[英]Python pandas data frame: how to perform operations on two columns with the same name
Say you have a data frame like the one which follows (notice that some columns have the same name): 假设您有一个如下的数据框(请注意,有些列具有相同的名称):
import numpy as np
import pandas as pd
df = pd.DataFrame(np.random.rand(4,5), columns = list('abcab'))

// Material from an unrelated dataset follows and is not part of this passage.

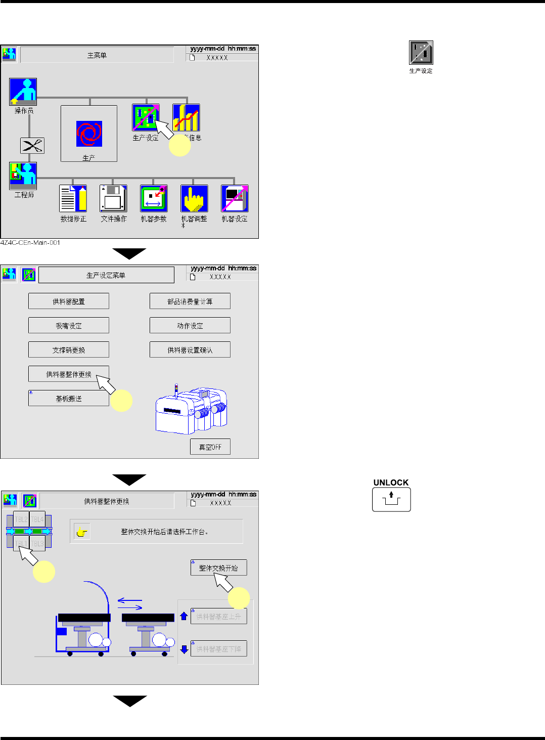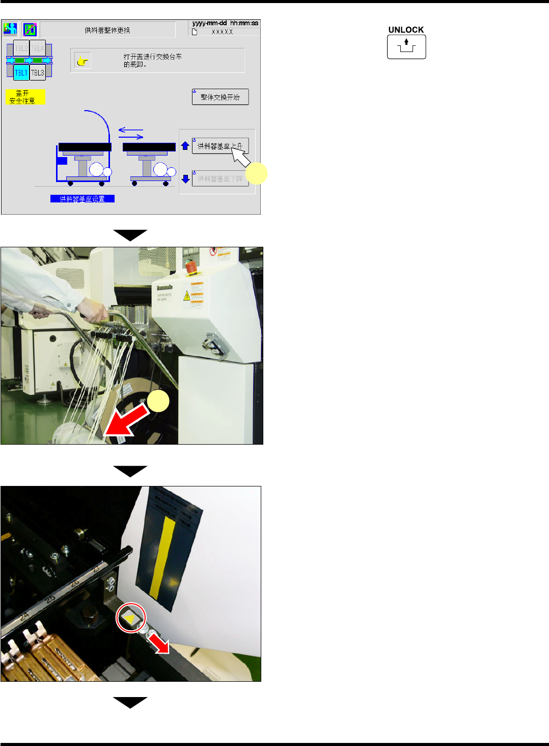 CM602-L 操作手册 3.3 整体交换台车的供 料器整体交换 Pa ge 3- 11 9. 先将供料器工作台的盖关闭、再关闭安全 盖。 10. 解除锁定,拔出连接器。 3.3.2 离线准备 使用整体交换台车准备 装置 ( 选购件 ) 设置整体交换台车的供料 器。 1. 将整体交换台车的电缆连接到整体交换台车准备装置 ( 选购件 ) 。 2. 安装所需要的供料器和元件。 关于安装供料器的方法 ,请参照 “3.1 智能供料器的设 置…
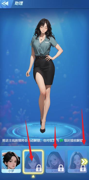 3、其他的助理可以在剧情内容解锁,也可以通过提升主角等级来解锁

The issue is if you want to perform some operations on the two columns 'a', how do you do this since they have the same name? 问题是如果你想对两个列'a'执行一些操作,你怎么做,因为它们具有相同的名称? I tried to use the replace() and rename() method to rename one of the two columns and then perform some operations but I didn't manage to do this on only one column.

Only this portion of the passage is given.